Используйте следующую команду, чтобы отправить вашу секретную последовательность запросов на подключение к портам хост-компьютера, который выбивает порт с IP-адресом :

стук 7000 8000 9000 -d 500

Это говорит knock чтобы нацелить компьютер на IP-адрес и запустить запрос на подключение к портам 7000, 8000 и 9000, в свою очередь, с -d (задержка) между ними составляет 500 миллисекунд.

Затем пользователь с именем «dave» отправляет запрос SSH на :

ssh dave @

Его соединение принято, он вводит свой пароль, и начинается его удаленный сеанс. Его командная [email protected] меняется с [email protected] на [email protected] . Чтобы выйти из удаленного компьютера, он набирает:

выход

Его командная строка возвращается на локальный компьютер. Он использует knock еще раз, и на этот раз он выбирает порты в обратном порядке, чтобы закрыть порт SSH на удаленном компьютере.

стук 9000 8000 7000 -d 500

Следует признать, что это не был особенно плодотворный удаленный сеанс, но он демонстрирует открытие и закрытие порта посредством стука портов и помещается на одном скриншоте.

Итак, как это выглядело с другой стороны? Системный администратор на узле, блокирующем порт, использует следующую команду для просмотра новых записей, поступающих в системный журнал:

tail -f / var / log / syslog

  • Вы видите три записи openSSH. Они поднимаются, поскольку каждый порт предназначен для утилиты удаленного стука.
  • Когда все три стадии последовательности запуска выполнены, запись « ОТКРЫТЬ СЕЗАМ » регистрируется
  • Команда для iptables правила в список правил iptables отправляется.
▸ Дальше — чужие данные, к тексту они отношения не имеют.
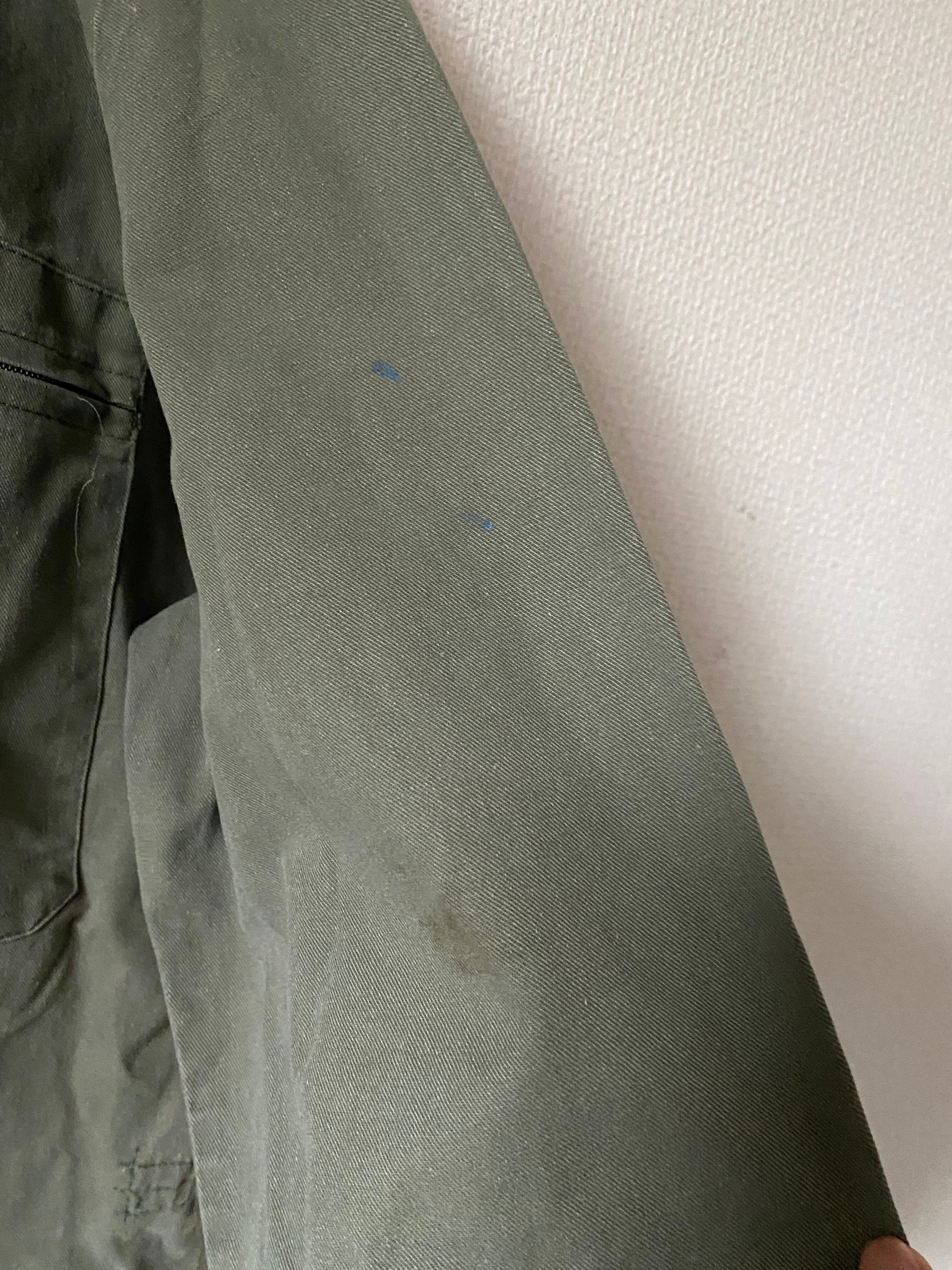 フランス軍の乗り物や機械などの点検・整備を行なっていた整備士のユニフォーム 頑丈で厚手のオリーブコットン 胸ポケット、前ポケット、サイドスルーポケット 裾はベルクロ付き 靴下で遊べます

Он разрешает доступ через SSH через порт 22 с определенного IP-адреса ПК, который дал правильный секретный стук ().
  • Пользователь «Дэйв» подключается только на несколько секунд, а затем отключается.
  • Вы видите три записи closeSSH. Они поднимаются, поскольку каждый порт предназначен для утилиты удаленного детонации — он сообщает хосту детонации портов закрыть порт 22.
  • После запуска всех трех этапов мы снова получаем сообщение «ОТКРЫТЬ СЕЗАМ». Команда отправляется на брандмауэр для удаления правила. (Почему не «ЗАКРЫТЬ СЕЗАМ», когда он закрывает порт? Кто знает?)

Теперь единственное правило в списке правил iptables порта 22 — это правило, которое мы ввели в начале, чтобы закрыть этот порт. Итак, порт 22 теперь снова закрыт.